NYCO’s rocky “Pygmalion” double-bill comes to life in second half

Sun Mar 25, 2018 at 3:27 pm
x, y an z in Rameau's "Pigmalion" at New York City Opera. Photo: Sarah Shatz

Thor Arbjornsson, Samarie Alicea and Melanie Long (above) in Rameau’s “Pigmalion” at New York City Opera. Photo: Sarah Shatz

When going to see a double bill, one usually expects to see two different stories on stage. Yet New York City Opera served up a pair of one-act operas on Pygmalion by Donizetti and Rameau Saturday at John Jay College’s Gerald W. Lynch Theater. The novelty of seeing contrasting treatments of the same Greek myth in such disparate styles might have held some appeal, had this not turned out to be one of NYCO’s least polished performances since their reboot.

In his pre-curtain speech, company general director Michael Capasso boasted that Saturday’s listeners would be the first American audience ever to hear Donizetti’s Il Pigmalione. It’s not hard to tell why. The brief one-act was written when Donizetti was just nineteen, and indeed it reads more like a juvenile study than a piece meant for a public audience.

The work is in essence an extended monologue for the tenor playing Pigmalione, and offers only the barest bones of the myth. After nearly an hour of observing (or imagining) faint signs of life in the woman he has sculpted, his dream finally comes true, as the statue comes to life as Galatea, a soprano with a scant handful of lines to sing. Pigmalione’s vocal part does feature some impressive effects, and offers hints of Donizetti’s lyrical talent, but so much of it is formulaic or downright repetitive that it’s hard to really enjoy for long.

Stage director Richard Stafford has provided a rudimentary modern staging; the most interesting thing in the entire mounting of the piece is the statue, a faceless, abstract nude but still curvaceous, sensuous.

One of the problems of presenting obscure works like this is that there aren’t a lot of singers familiar with the parts to choose from. The young tenor Piotr Buszewski was fairly solid, though his pitch often strayed flat and his tone had a nasal quality to it. Jessica Sandidge’s soprano showed a hard edge in her brief appearance as the animated statue Galatea.

The pit was especially unconvincing–the chamber orchestra of NYCO players under Gil Rose sounded anemic to begin, and only grew less secure. Intonation was poor, the players hardly seemed comfortable with their parts, and there was little variation in color or energy.

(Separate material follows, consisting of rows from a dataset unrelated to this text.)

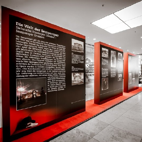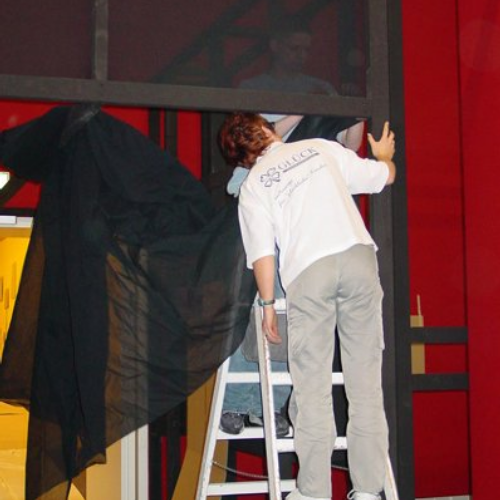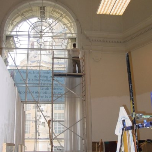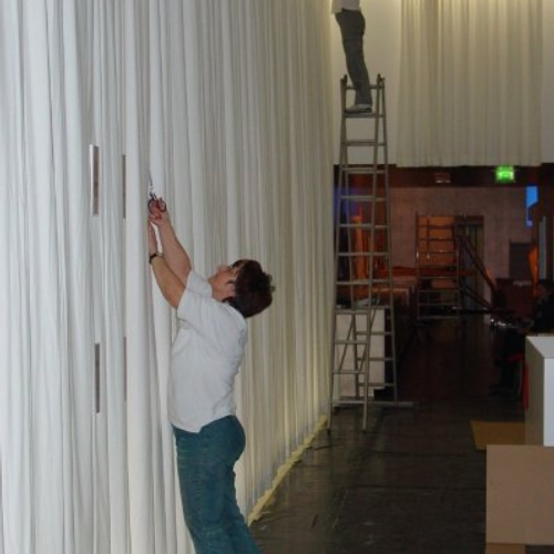 Altmarktgalerie Dresden | Terra Mineralia, Freiberg | Hochschule Bildende Künste Lipsiusbau | hier Montagearbeiten für Vorhänge in "luftiger" Höhe |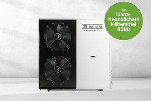 Die Luft-Wasser-Monoblock-Wärmepumpe Effenca HT vom münsterländischen Unternehmen Remeha nutzt auch das klimaschonende Kältemittel R290, also Propan, mit einem Global Warming Potential (GWP) von unter 3. Mit Vorlauftemperaturen von bis zu 80 °C ist neben einer hybriden Anwendung mit Spitzenlastkessel auch ein monovalenter Betrieb in weniger gut gedämmten Gebäuden inklusive Warmwasserbereitung möglich. Bestehende Heizkörper sind damit weiter nutzbar und Umbaumaßnahmen auf Flächenheizungen nicht erforderlich.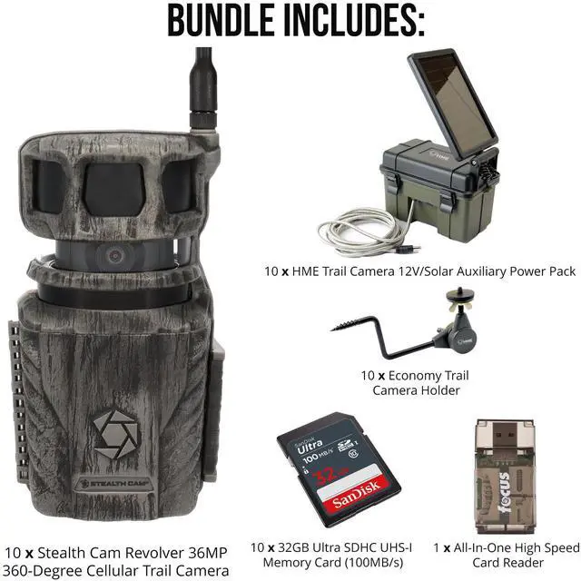 | Included Components | High Speed SD USB 2.0 Card Reader, Trail Camera 12V Solar Auxiliary Power Pack, Stealth Cam Revolver 36MP 360-Degree Cellular Trail Camera with 1/4-Inch Threaded Mount, 32GB Memory Card, Economy Trail Camera Holder |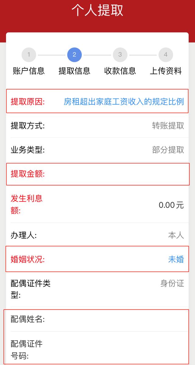 第二步:在提取原因处选择“房租超出家庭工资收入的规定比例”;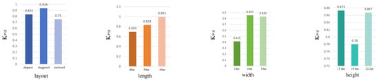 Based on the average wind speed values, the statistical parameters K, Kavg, and R are calculated, as presented in Table 9. According to the magnitude of R, the factors influencing wind speed are ranked as follows: building width > building length > layout form > building height. Therefore, in the planning and design of multi-story buildings, building width should be the primary consideration, followed by building length and layout form, with building height having relatively little impact on the outdoor wind environment.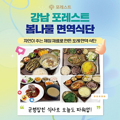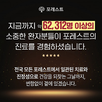 Hot 포레스트 8월 광복절 휴진 안내 [ 포레스트 8월 광복절 휴진 안내 ] 2025년 8월 15일 (금) 강남 포레스트는 광복절 휴진입니다. 진료 및 내원 … 2025.08.07 Hot 이 보라색이 면역력을 살립니다?! 가지에 숨겨진 힘 보라색 채소의 대표 주자, 가지! 그냥 먹으면 손해?! 암 예방에 도움을 줄 수 있는 '파이토케미컬'의 비밀과 가… 2025.07.24 Hot 초복을 담은 포레스트의 여름 밥상 안녕하세요, 포레스트입니다♥ 초복, 여름의 시작을 맞아 정성 가득한 보양식을 준비했습니다. 지친 몸에 활력을, 떨어진… 2025.07.22 Hot 힐링미에서 인정받은 포레스트 입원후기 암 요양병원 상담 앱 힐링미에서 인정받은 포레스트 입원후기를 소개합니다. 환자 한 분, 한 분의 상황에 맞춘 맞춤 치료… 2025.07.01 Hot 이달의 포레스트 얼굴을 소개합니다! 의료의 중심엔, 사람이 있습니다. 이달의 포레스트 얼굴을 소개합니다. 포레스트는 ‘사람 중심’의 의료를 실천합니다. … 2025.06.24 Hot 포레스트, 늘 곁에 있는 치료의 이름 안녕하세요 포레스트입니다. 지금까지 약 62,312명 이상의 소중한 환자분들이 포레스트의 진료를 경험하셨습니다. 전국 모… 2025.06.02 Hot 강남 포레스트 봄나물 면역식단 [강남 포레스트 봄나물 면역식단을 소개합니다] 자연이 선물한 식재료로 정성껏 준비한 한 끼, 기분 좋은 포만감과 활력을 더해… 2025.05.20 Hot 종로 포레스트병원 OPEN! 봄꽃처럼 화사하게 피어난 종로점 OPEN!! 봄의 시작처럼 가볍고 산뜻하게, 몸과 마음을 위한 나의 공간, 포레스트 종로점이… 2025.04.15 Hot [포레스트 소식]암 환자 한방치료 연구, 학회지에 게재 포레스트의 소식을 전해드립니다. 포레스트 병원장님의 암 환자 대상 한방치료 경험 연구가 ‘대한예방한의학회지’에 정식 게재되… 2025.04.09 12345 Search 검색대상 제목 내용 제목+내용 회원아이디 회원아이디(코) 글쓴이 글쓴이(코) 검색어 필수

They fared somewhat better in Rameau’s more substantial Pigmalion, finding a litheness of sound even if their intonation was still shaky. Something similar might be said about the piece as a whole: NYCO’s usual polish was still missing, but the entire presentation was livelier and more graceful.

A major contributor in that regard is Stafford’s much more playful staging, which is faithful to the work’s conception as an opera-ballet by rooting the scene in dance. Stafford opens the scene on a kind of Victorian parlor, in which guests mill about admiring the host’s sculptures; they freeze as the statues–portrayed by the dance corps–spring to life. As the scene progresses and Cupid contrives to bring Pigmalion and the Statue together, we see a sort of union of two parallel universes: one in which humans move about in their ordinary lives, and one in which works of art spring on each step, themselves embodying music and dance.

In this incarnation of the title role, Thor Arbjornsson sang admirably, showing a creamy if slightly tight tenor and, for the most part, navigating the tricky coloratura passages with flair. Melanie Long brought a spry energy to the role of Cupid, but showed a pronounced wobble anywhere above her midpoint.

As Pigmalion’s poor forgotten flame Céphise, Julia Snowden offered a mezzo-soprano of appealing darkness. The best singing of the afternoon came from soprano Samarie Alicea as the Statue (as she’s called in this version), who boasted a lively, warm voice and bore herself with athletic grace.

Il Pigmalione and Pigmalion will be repeated 4 p.m. Sunday at the Gerald W. Lynch Theater.